[Proj] Insignificant difference between Swiss and Hungarian
Oblique Mercator?
Oscar van Vlijmen
ovv at hetnet.nl
Wed Dec 6 08:00:09 EST 2006
I didn't receive Mikael Rittri's message with the subject:
[Proj] Insignificant difference between Swiss and
Hungarian Oblique Mercator?
dated 2006-12-05
But I found it lurking in the archives. Of course, I could have accidentally
deleted the received message myself.
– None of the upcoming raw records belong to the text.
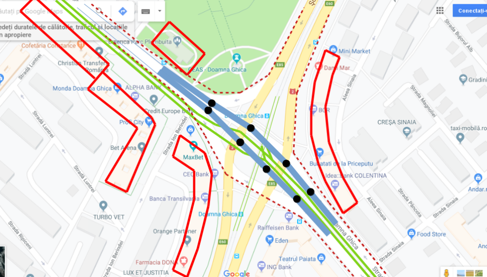 In al doilea rand nu le solicita nimeni sa treaca tramvaiul pe pasaj, de fapt ar fi o imbecilitate sa fie urcat pe pasaj, dat fiind ca linia aceea potentiala de la Luica la Petricani ar trebui sa fie deservita si de Depoul Colentina si implicit trebuie macaze la sol spre depou cel putin. Partea proasta este ca intersectia aia este denivelata rau fata de planul arterei Doamna Ghica la stanga si la dreapta si se evazeaza/ingusteaza foarte subit iar tramvaiele ar stationa la semafor intr-o panta foarte abrupta (cam ca la Sincai).
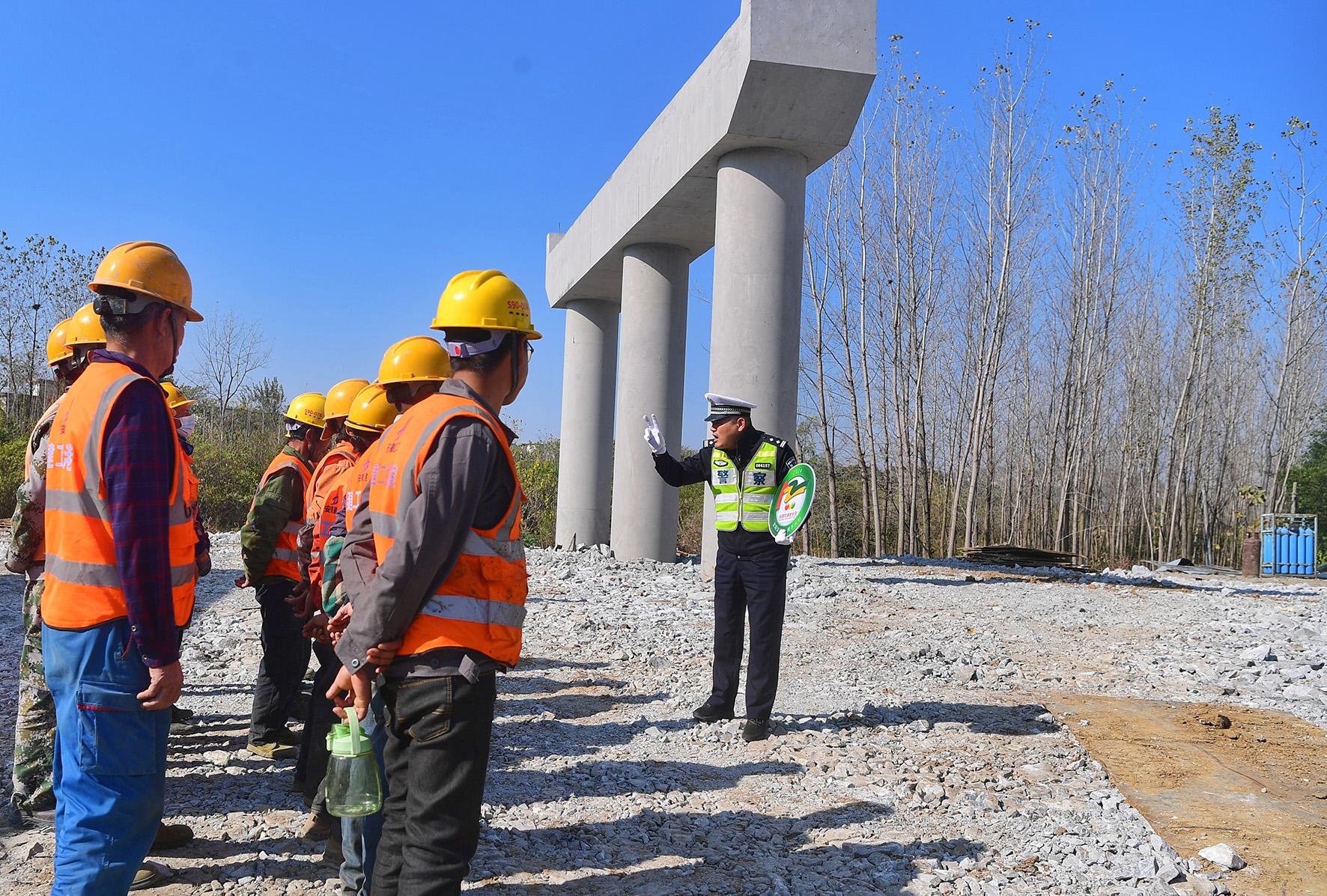 11月30日,安徽省巢湖市公安局交警大隊民警在合蕪高速公路肥東段路基項目部施工現(xiàn)場開展交通安全教育活動。
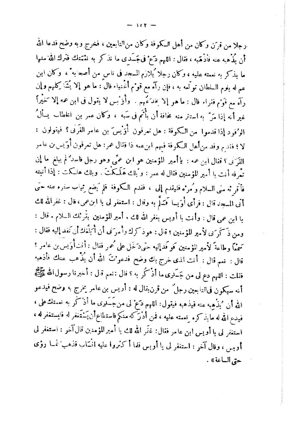 رَجُلا مِنْ قَرْنٍ وَكَانَ مِنْ أَهْلِ الْكُوفَةِ وَكَانَ مِنَ التَّابِعِينَ فَخَرَجَ وَبِهِ وَضَحٌ فَدَعَا اللَّهُ أَنْ يُذْهِبَهُ عَنْهُ فَأَذْهَبَهُ فَقَالَ اللَّهُمَّ دَعْ فِي جَسَدِي مَا نَذْكُرُ بِهِ نِعْمَتَكَ فَتَرَكَ اللَّهُ مِنْهَا مَا يَذْكُرُ بِهِ نِعْمَتَهُ عَلَيْهِ وَكَانَ رَجُلا يُلازِمُ الْمَسْجِدَ فِي نَاسٍ مِنْ أَصْحَابِهِ وَكَانَ بن عَمٍّ لَهُ يَلُومُ السُّلْطَانَ تَوَلُّعَهُ بِهِ فَإِنْ رَآهُ مَعَ قَوْمٍ أَغْنِيَاءَ قَالَ مَا هُوَ إِلَّا يُشَاكِلُهُمْ وَإِنْ رَآهُ مَعَ قَوْمٍ فُقَرَاءَ قَالَ مَا هُوَ إِلَّا يَخْدَعُهُمْ وَأُوَيْسٌ لَا يَقُولُ فِي بن عَمِّهِ إِلَّا خَيْرًا غَيْرَ أَنَّهُ إِذَا مَرَّ بِهِ اسْتَتَرَ مِنْهُ مَخَافَةَ أَنْ يَأْثَمَ فِي سَبِّهِ وَكَانَ عُمَرُ بْنُ الْخَطَّابِ يَسْأَلُ الْوُفُودَ إِذَا قَدِمُوا مِنَ الْكُوفَةِ هَلْ تَعْرِفُونَ أُوَيْسَ بْنَ عَامِرٍ الْقَرْنِيَّ فَيَقُولُونَ لَا فَقَدِمَ وَفْدٌ من أهل الْكُوفَة فيهم بن عَمِّهِ ذَا فَقَالَ عُمَرُ هَلْ تَعْرِفُونَ أُوَيْسَ بْنَ عَامِرٍ الْقَرْنِيَّ فَقَالَ بن عَمِّهِ يَا أَمِيرَ الْمُؤْمِنِينَ هُوَ بن عَمِّي وَهُوَ رَجُلٌ فَاسِدٌ لَمْ يَبْلُغْ مَا إِنْ تَعْرِفَهُ أَنْتَ يَا أَمِيرَ الْمُؤْمِنِينَ فَقَالَ لَهُ عُمَرُ وَيْلَكَ هَلَكْتَ وَيْلَكَ هَلَكْتَ إِذَا أَتَيْتَهُ فَأَقْرِئْهُ مِنِّي السَّلامَ وَمُرْهُ فَلْيَقْدَمْ إِلَيَّ فَقَدِمَ الْكُوفَةَ فَلَمْ يَضَعْ ثِيَابَ سَفَرِهِ عَنْهُ حَتَّى أَتَى الْمَسْجِدَ قَالَ فَرَأَى أُوَيْسًا فَسَلَّمَ بِهِ وَقَالَ اسْتَغْفِرْ لي يَا بن عَمِّي قَالَ غَفَرَ اللَّهُ لَكَ يَا بن عَمِّي قَالَ وَأَنْتَ يَا أُوَيْسُ يَغْفِرُ اللَّهُ لَكَ أَمِيرُ الْمُؤْمِنِينَ يقرئكم السَّلامَ قَالَ وَمَنْ ذَكَرَنِي لأَمِيرِ الْمُؤْمِنِينَ قَالَ هُوَ ذَكَرَكَ وَأَمَرَنِي أَنْ أُبَلِّغَكَ أَنْ تَفِدَ إِلَيْهِ فَقَالَ سَمْعًا وَطَاعَةً لأَمِيرِ الْمُؤْمِنِينَ فَوَفَدَ إِلَيْهِ حَتَّى دَخَلَ عَلَى عُمَرَ فَقَالَ أَنْتَ أُوَيْسُ بْنُ عَامِرٍ قَالَ نَعَمْ قَالَ أَنْتَ الَّذِي خَرَجَ بِكَ وَضَحٌ فَدَعَوْتَ اللَّهَ أَنْ يُذْهِبَ عَنْكَ فَأَذْهَبَهُ فَقُلْتَ اللَّهُمَّ دَعْ لِي مِنْ جَسَدِي مَا أَذْكُرُ بِهِ قَالَ نَعَمْ قَالَ أَخْبَرَنَا رَسُولُ اللَّهِ صَلَّى اللَّهُ عَلَيْهِ وَسَلَّمَ إِنَّه سَيَكُونُ فِي التَّابِعِينَ رَجُلٌ مِنْ قَرْنٍ يُقَالُ لَهُ أُوَيْسُ بْنُ عَامِرٍ يَخْرُجُ بِهِ وَضْحٌ فَيَدْعُو الله أَن يذبه عَنْهُ فَيُذْهِبَهُ فَيَقُولُ اللَّهُمَّ دَعْ لِي مِنْ جَسَدِي مَا أَذْكُرُ بِهِ نِعْمَتَكَ عَلَيَّ فَيَدَعُ اللَّهُ لَهُ مَا يُذَكِّرُهُ نِعْمَتَهُ عَلَيْهِ فَمَنْ أَدْرَكَهُ مِنْكُمْ فَاسْتَطَاعَ أَنْ يَسْتَغْفِرَ لَهُ فَلْيَسْتَغْفِرْ لَهُ اسْتَغْفِرْ لِي يَا أُوَيْسُ بْنُ عَامِرٍ فَقَالَ غَفَرَ اللَّهُ لَكَ يَا أَمِيرَ الْمُؤْمِنِينَ قَالَ آخَرُ اسْتَغْفِرْ لِي أُوَيْسُ وَقَالَ آخَرُ اسْتَغْفِرْ لِي يَا أُوَيْسُ فَلَمَّا أَكْثَرُوا عَلَيْهِ انْسَابَ فَذَهَبَ فَمَا رُؤِيَ حَتَّى السَّاعَة

In case others have missed it too: the
complete message is copied below.
As for the Hungarian EOV projection: I haven't seen any official test points
yet, so it is not clear if what I am doing is correct.
But the near-official formulae from the Department of Cartography and
Geoinformatics, Eötvös University, Budapest
<http://lazarus.elte.hu/gb/geodez/geodind.htm>
give for a
lat = 48; lon = 22;
an "x", "y" of:
299283.5538, 870209.6285 m
Monár Gábor & Timár Gábor give in an article to be found at:
<http://www.fomi.hu/internet/magyar/szaklap/2002/03/mar3.pdf>
an approximation for EOV with an oblique Mercator.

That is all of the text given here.